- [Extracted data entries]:
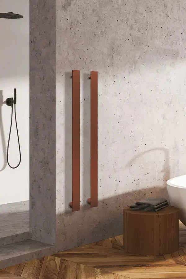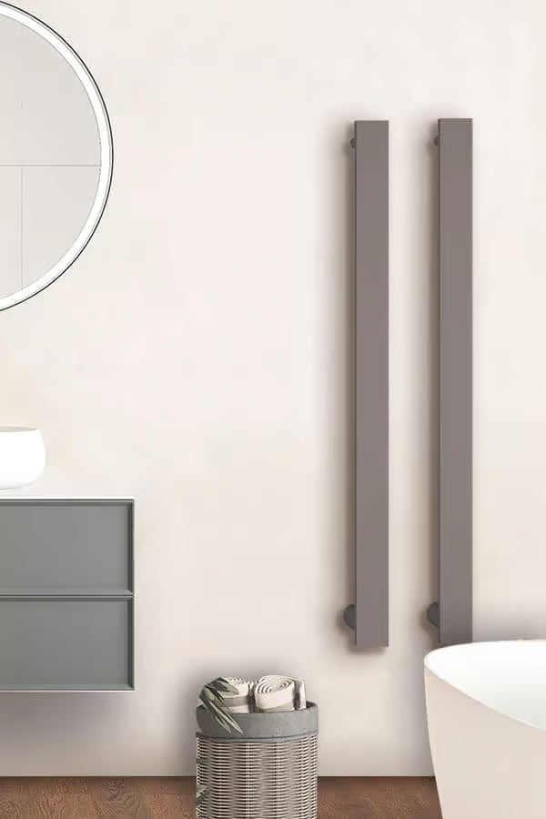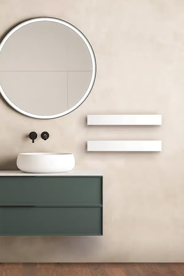 Radiator port-prosop electric pentru baie, cu design minimalist și formă liniară, conceput ca element funcțional discret, integrat în arhitectura spațiului. Modelul HAND se remarcă prin simplitatea geometrică și flexibilitatea de montaj, permițând compoziții libere în funcție de necesitățile spațiului.
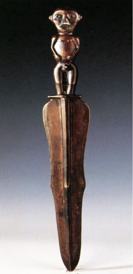 首先是對當(dāng)?shù)匦率鲿r(shí)代文化因素的繼承和延續(xù),以男女立人形青銅短劍為例,其圓雕人像造型,是對遼西地區(qū)人形雕塑傳統(tǒng)的繼承。與小河西文化陶塑人頭像、興隆洼文化石雕人像、趙寶溝文化陶塑人頭像、紅山文化陶塑人像、小河沿文化人形陶壺等一脈相承,雖然人像造型和載體略有不同,但未曾間斷,體現(xiàn)了遼西地區(qū)史前文明的祖先崇拜和宗教祭祀禮儀傳統(tǒng)的延續(xù)性。人像造型既是禮制的最高呈現(xiàn),同時(shí)具有標(biāo)志身份和地位的功能。
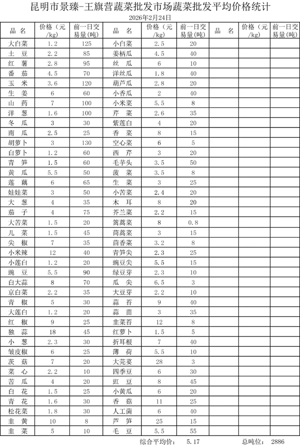 昆明市景臻-王旗营蔬菜批发市场2026年2月24日蔬菜批发平均价格统计
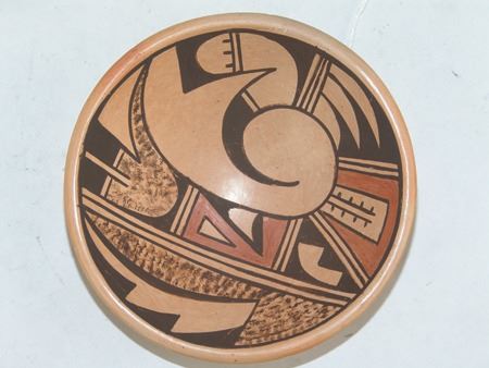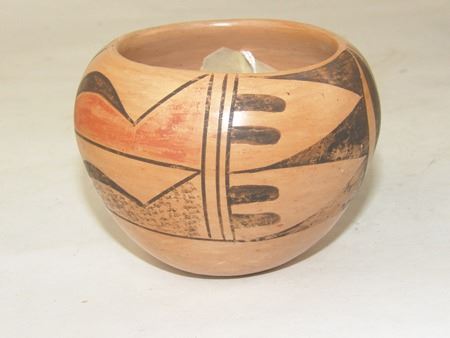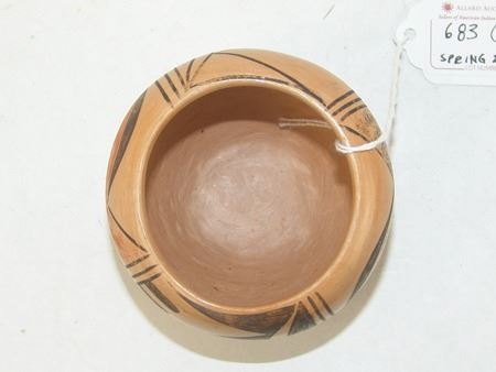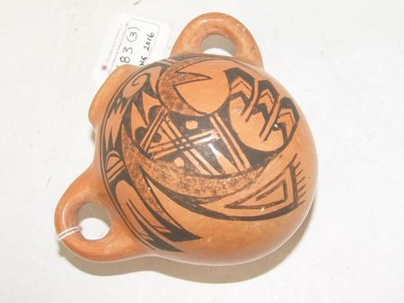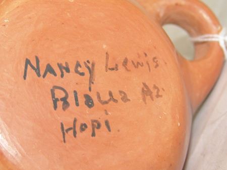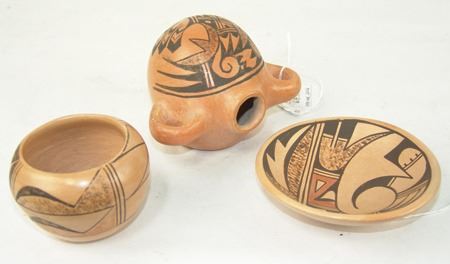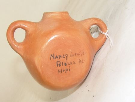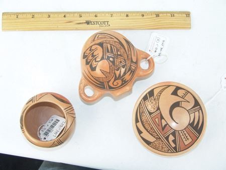Mid/Late 1900s, Including a vintage canteen by Nancy Lewis (with repaired handle) and a small dish and jar by Becky Namoki. Both in very good condition. 1-1/4" x 4-5/8" to 3-1/2" x 5" x 4"
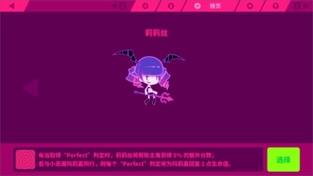 每当主角获得“Perfect”判定时,莉莉丝会助力主角额外获取5%的分数;要是和小恶魔玛莉嘉一同行动,那么每个“Perfect”判定都能为玛莉嘉恢复2点生命值。
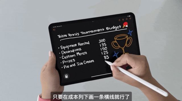 比如正在计算项目预算,在一串开支数字下画个横线,答案就自动计算出来。非常自然,就像是在纸上手动计算一样。
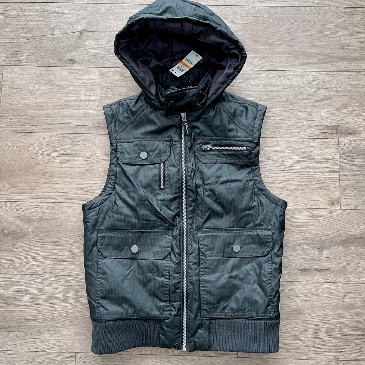 103Black hooded vest with a zipper closure and 4 front pockets. The vest has a red lining and a black rib knit at the bottom. Size S Shoulder to shoulder: 17” Pit to pit: 21” Shoulder to bottom: 25”
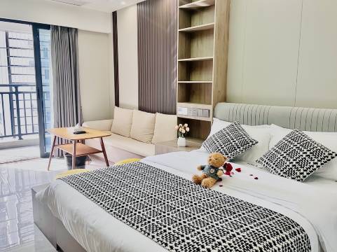 欢迎入住本店,希望以好的服务干净舒适客房体验带给您。客房都独立带有冰箱,洗衣机,阳台等设备。希望给您带来家的感觉,我们将以热情的服务,舒适的房间,期待您的到来。我们,在这里,等您来。
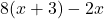 Simplify 8(x + 3) – 2x. Answer options: A) 6 x + 3 B) 7 x C) 6 x + 24 Any help is appreciated!
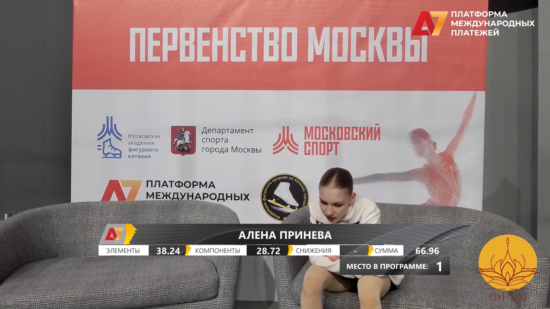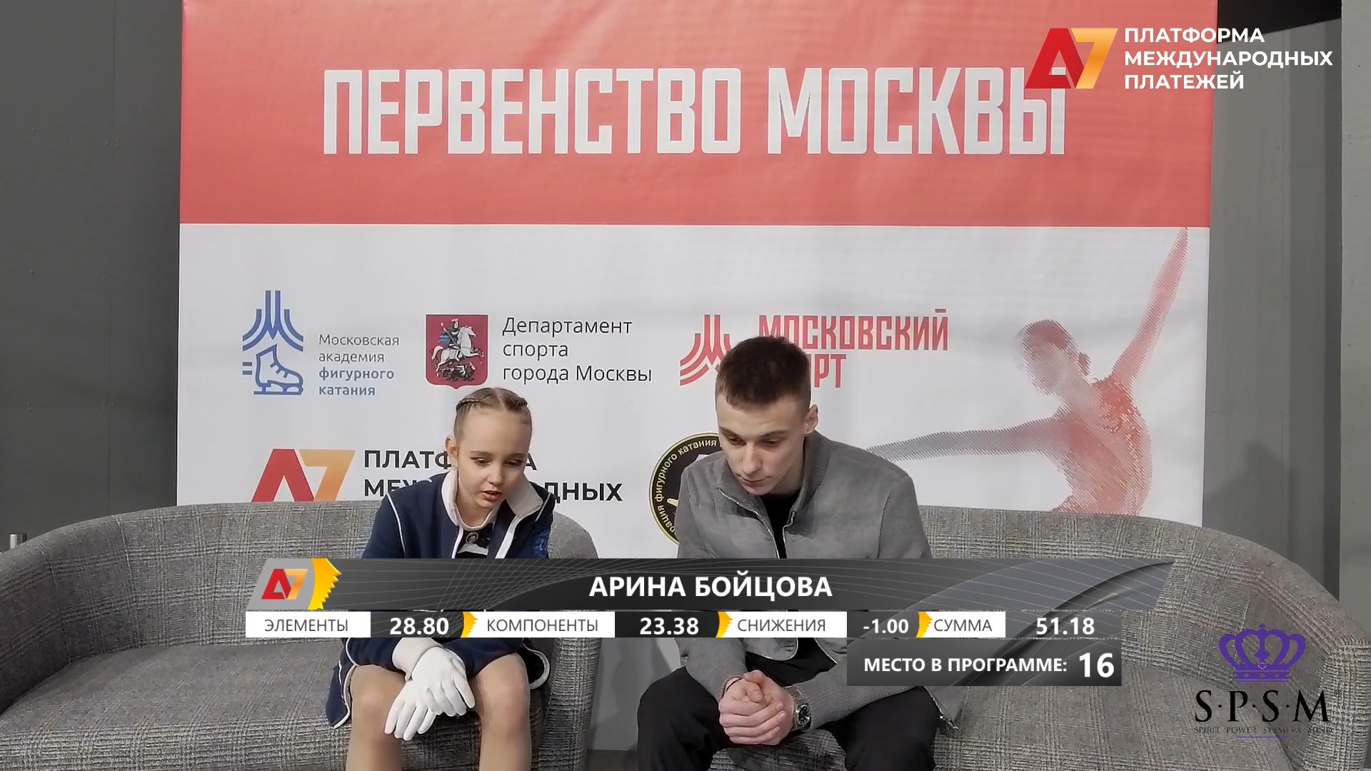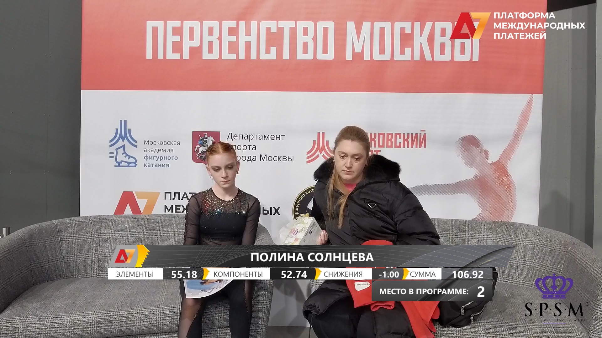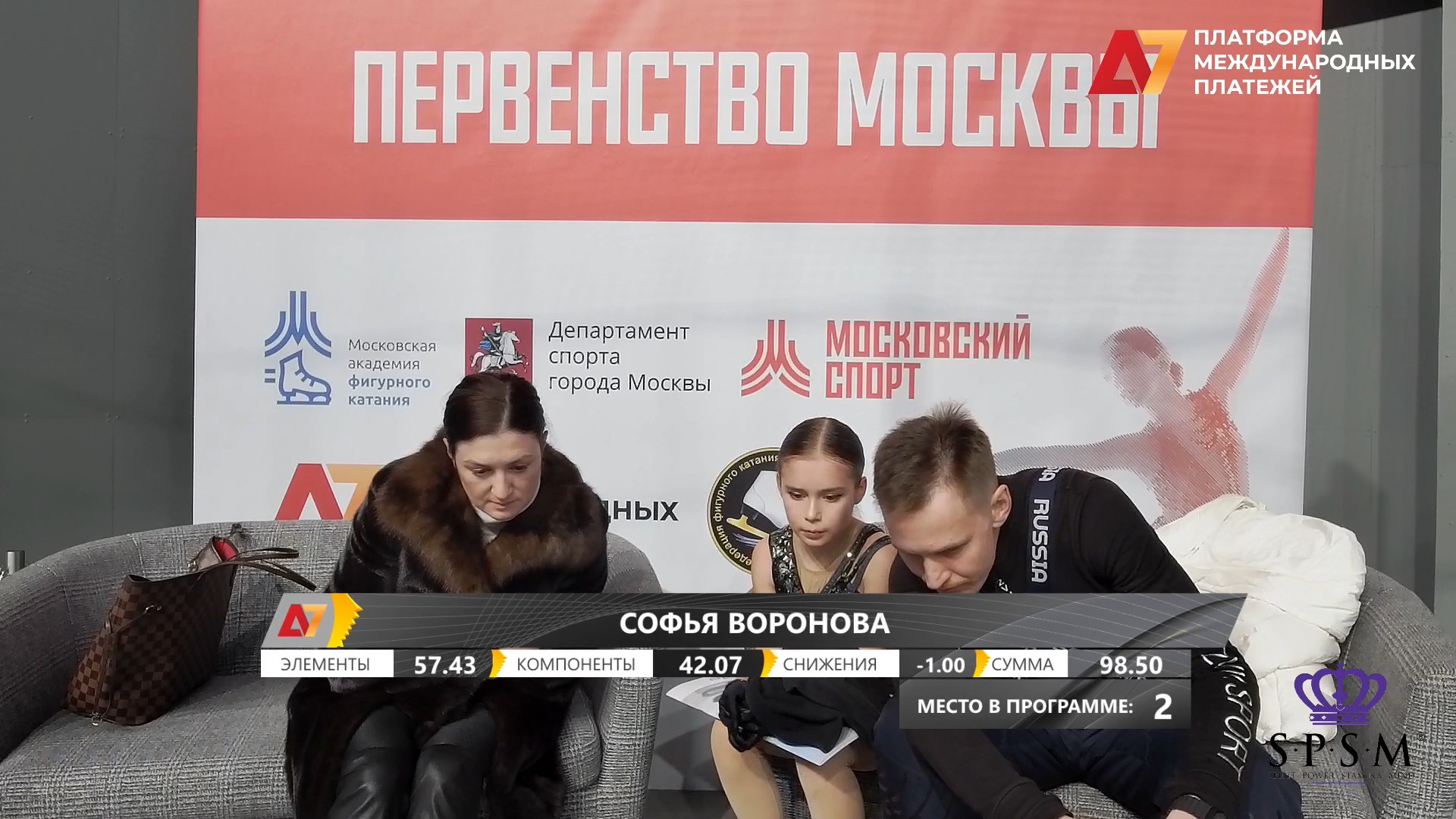Алёна Викторовна СОТНИКОВА, 14 лет (2011-10-18) СПб, ГБУ ДО СШОР "Академия фигурного катания на коньках" 3z<< на ход вперёд so (R) 3r3t< (<<?) fall (R) 2a с маха и бауэра stsq3
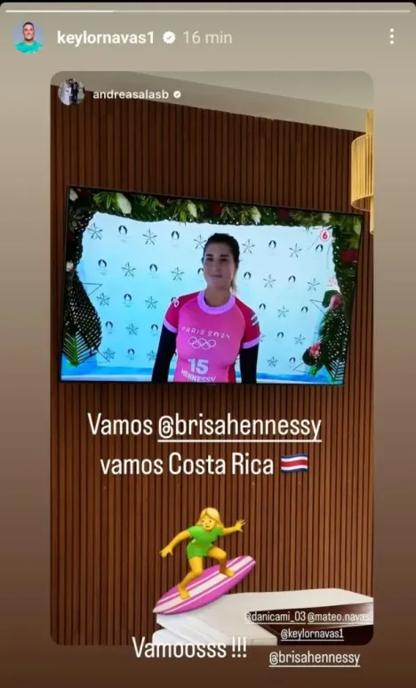 Navas estuvo atento a lo que hizo Brisa Hannessy junto a su familia, su esposa Andrea Salas publicó una historia y la cual fue replicada por el guardameta en el que se unió a la ilusión de poder ganar una presea en París 2024.
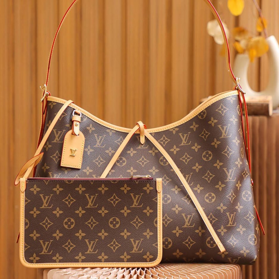 The Louis Vuitton CarryAll MM is a chic, spacious everyday tote bag crafted with the House’s iconic Monogram canvas and natural leather trim. This versatile piece features dual top handles for effortless hand carry, a relaxed yet structured silhouette that conforms to its contents, and a roomy interior designed to hold daily essentials such as a wallet, phone, cosmetics, and a small tablet. With its timeless design and practical functionality, this CarryAll MM delivers the perfect blend of Parisian elegance and everyday usability, making it an ideal companion for both work and weekend outings.
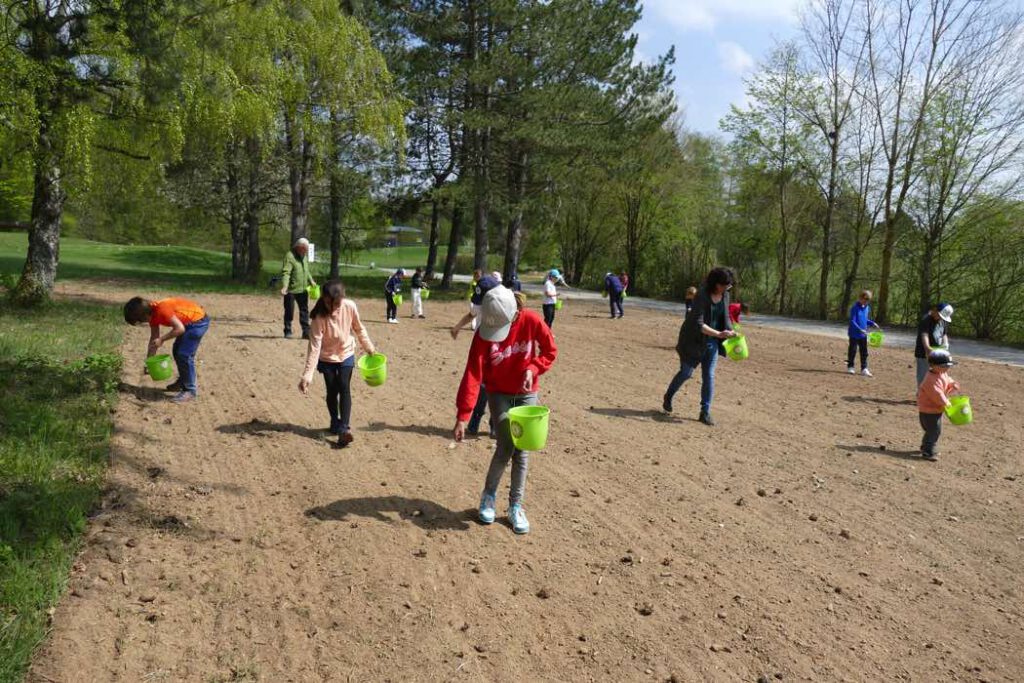 Foto 1 und 2: Das Projekt wird in vielen Golfanlagen gezielt auch für Bildungsmaßnahmen genutzt. In Zusammenarbeit mit dem Naturpark Schwarzwald Mitte/Nord durften Kinder des Stuttgarter Golf-Club Solitude eine Blühwiese für Bienen und Insekten einsäen.
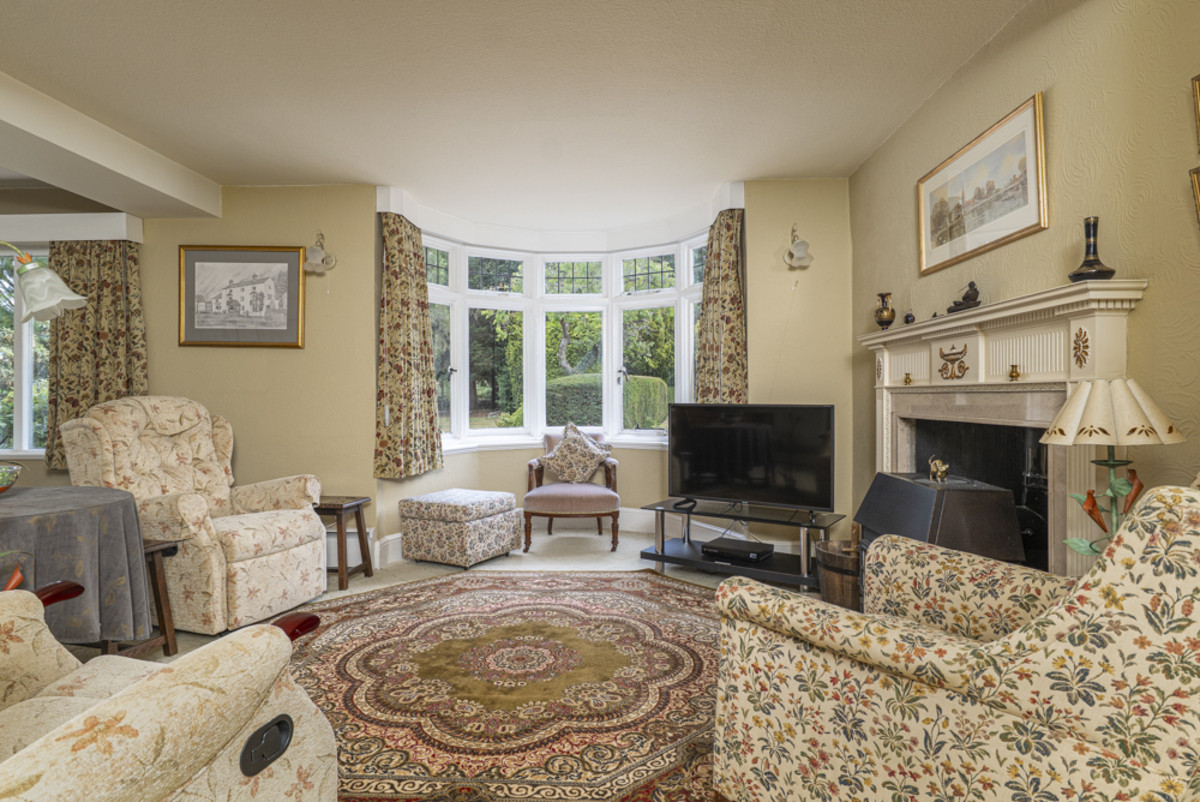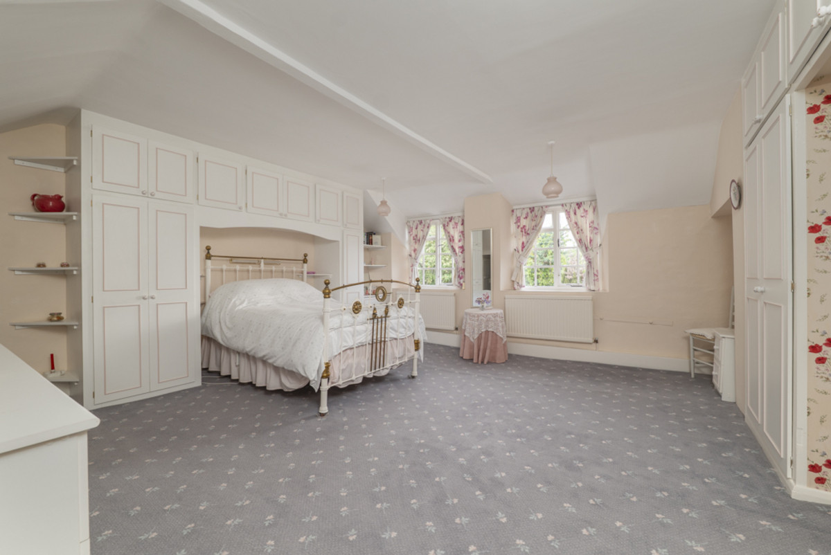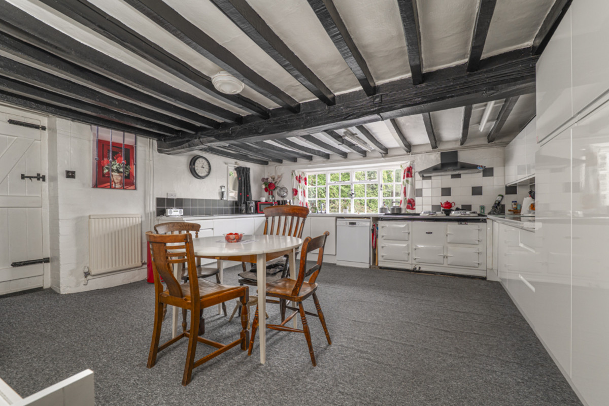 The snug includes a secondary staircase leading directly to bedrooms two and three, creating a distinctive and versatile layout. In keeping with the home’s character, the farmhouse-style kitchen is fitted with an AGA, while traditional rear windows frame sweeping views over the gardens. A large pantry, store and separate utility room complete the ground floor accommodation.

- [REQUIRED ACTION]:
Starting at the line containing "Mid/Late 1900s, Including" and stopping at the line containing "Алёна Викторовна СОТНИКОВА, 14", output every line above exactly, both ends included, with pictures omitted.

- [PROBLEM SOLUTION]:
Mid/Late 1900s, Including a vintage canteen by Nancy Lewis (with repaired handle) and a small dish and jar by Becky Namoki. Both in very good condition. 1-1/4" x 4-5/8" to 3-1/2" x 5" x 4"
 每当主角获得“Perfect”判定时,莉莉丝会助力主角额外获取5%的分数;要是和小恶魔玛莉嘉一同行动,那么每个“Perfect”判定都能为玛莉嘉恢复2点生命值。
 比如正在计算项目预算,在一串开支数字下画个横线,答案就自动计算出来。非常自然,就像是在纸上手动计算一样。
 103Black hooded vest with a zipper closure and 4 front pockets. The vest has a red lining and a black rib knit at the bottom. Size S Shoulder to shoulder: 17” Pit to pit: 21” Shoulder to bottom: 25”
 欢迎入住本店,希望以好的服务干净舒适客房体验带给您。客房都独立带有冰箱,洗衣机,阳台等设备。希望给您带来家的感觉,我们将以热情的服务,舒适的房间,期待您的到来。我们,在这里,等您来。
 Simplify 8(x + 3) – 2x. Answer options: A) 6 x + 3 B) 7 x C) 6 x + 24 Any help is appreciated!
Алёна Викторовна СОТНИКОВА, 14 лет (2011-10-18) СПб, ГБУ ДО СШОР "Академия фигурного катания на коньках" 3z<< на ход вперёд so (R) 3r3t< (<<?) fall (R) 2a с маха и бауэра stsq3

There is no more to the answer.